***** Provided data *****

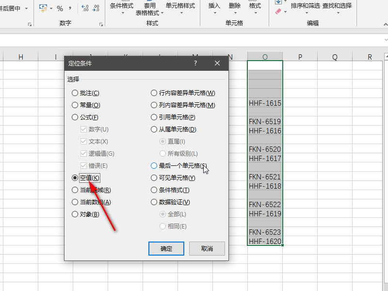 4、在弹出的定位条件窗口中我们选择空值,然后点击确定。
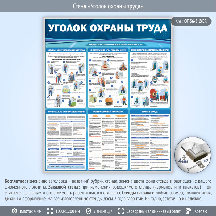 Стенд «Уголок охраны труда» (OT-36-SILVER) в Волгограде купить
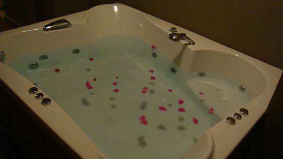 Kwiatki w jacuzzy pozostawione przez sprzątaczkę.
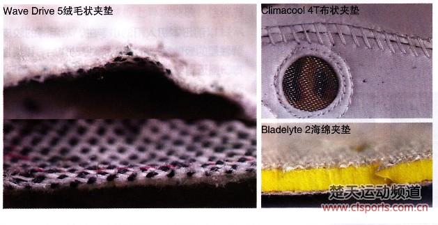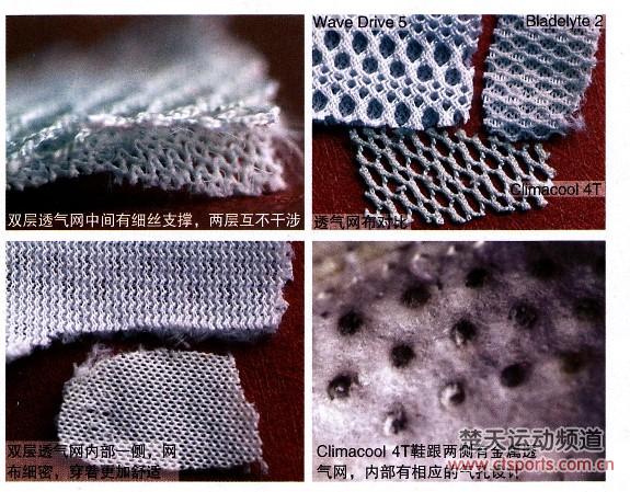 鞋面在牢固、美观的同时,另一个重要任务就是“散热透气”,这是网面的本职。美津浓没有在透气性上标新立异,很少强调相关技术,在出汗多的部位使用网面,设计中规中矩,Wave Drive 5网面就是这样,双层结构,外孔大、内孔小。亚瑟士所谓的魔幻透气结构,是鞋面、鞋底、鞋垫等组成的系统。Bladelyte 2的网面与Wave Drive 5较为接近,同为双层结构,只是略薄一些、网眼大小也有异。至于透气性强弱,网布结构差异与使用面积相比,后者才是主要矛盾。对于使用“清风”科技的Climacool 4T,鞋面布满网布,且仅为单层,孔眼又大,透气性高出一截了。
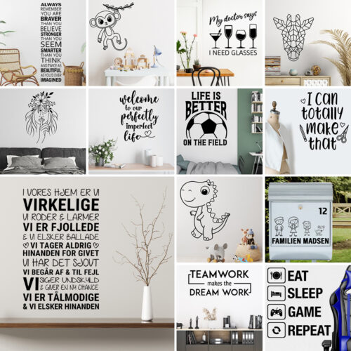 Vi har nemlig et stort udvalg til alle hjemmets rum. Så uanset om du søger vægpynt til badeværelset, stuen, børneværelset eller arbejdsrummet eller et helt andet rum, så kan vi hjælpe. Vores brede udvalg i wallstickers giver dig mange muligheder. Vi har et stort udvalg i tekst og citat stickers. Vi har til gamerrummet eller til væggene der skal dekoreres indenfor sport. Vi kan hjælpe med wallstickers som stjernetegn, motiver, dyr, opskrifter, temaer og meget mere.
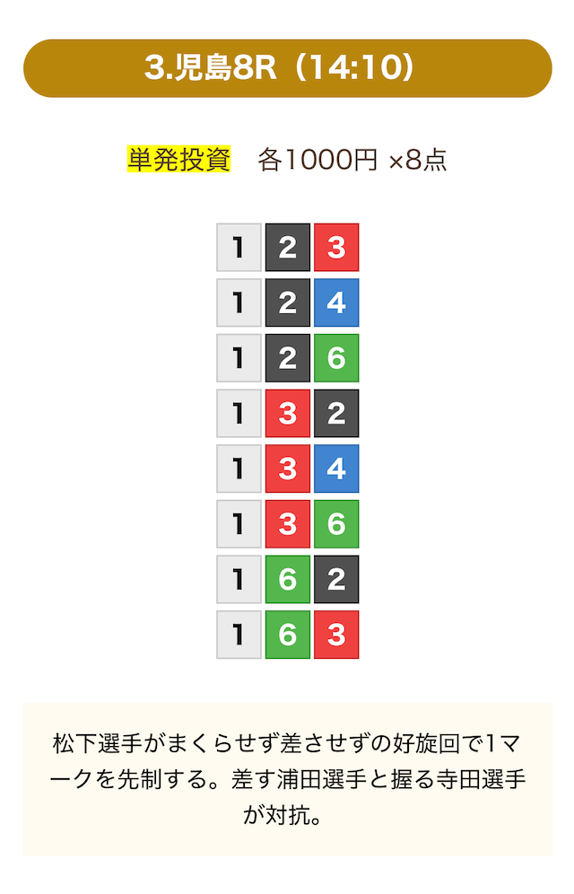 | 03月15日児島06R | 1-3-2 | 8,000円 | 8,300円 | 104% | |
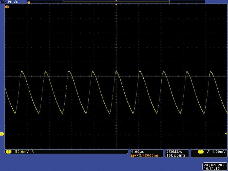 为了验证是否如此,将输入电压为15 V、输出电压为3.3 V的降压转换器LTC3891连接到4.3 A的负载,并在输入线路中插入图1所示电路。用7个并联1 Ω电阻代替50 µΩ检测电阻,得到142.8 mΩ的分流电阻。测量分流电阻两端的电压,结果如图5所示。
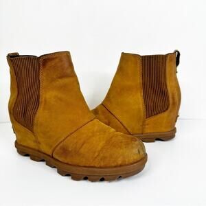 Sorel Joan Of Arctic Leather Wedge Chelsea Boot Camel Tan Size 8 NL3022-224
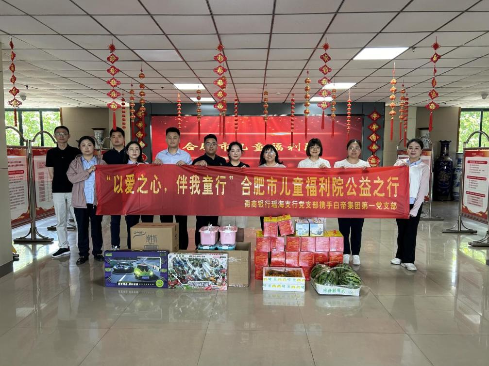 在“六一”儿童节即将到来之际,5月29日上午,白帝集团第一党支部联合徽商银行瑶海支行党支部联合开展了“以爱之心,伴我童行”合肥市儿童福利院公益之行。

*****

#### What is expected
Reproduce nothing but the lines that run from the line containing "Vi har nemlig" through the last line of the records, inclusive. Omit the pictures.

#### Written solution
 Vi har nemlig et stort udvalg til alle hjemmets rum. Så uanset om du søger vægpynt til badeværelset, stuen, børneværelset eller arbejdsrummet eller et helt andet rum, så kan vi hjælpe. Vores brede udvalg i wallstickers giver dig mange muligheder. Vi har et stort udvalg i tekst og citat stickers. Vi har til gamerrummet eller til væggene der skal dekoreres indenfor sport. Vi kan hjælpe med wallstickers som stjernetegn, motiver, dyr, opskrifter, temaer og meget mere.
 | 03月15日児島06R | 1-3-2 | 8,000円 | 8,300円 | 104% | |
 为了验证是否如此,将输入电压为15 V、输出电压为3.3 V的降压转换器LTC3891连接到4.3 A的负载,并在输入线路中插入图1所示电路。用7个并联1 Ω电阻代替50 µΩ检测电阻,得到142.8 mΩ的分流电阻。测量分流电阻两端的电压,结果如图5所示。
 Sorel Joan Of Arctic Leather Wedge Chelsea Boot Camel Tan Size 8 NL3022-224
 在“六一”儿童节即将到来之际,5月29日上午,白帝集团第一党支部联合徽商银行瑶海支行党支部联合开展了“以爱之心,伴我童行”合肥市儿童福利院公益之行。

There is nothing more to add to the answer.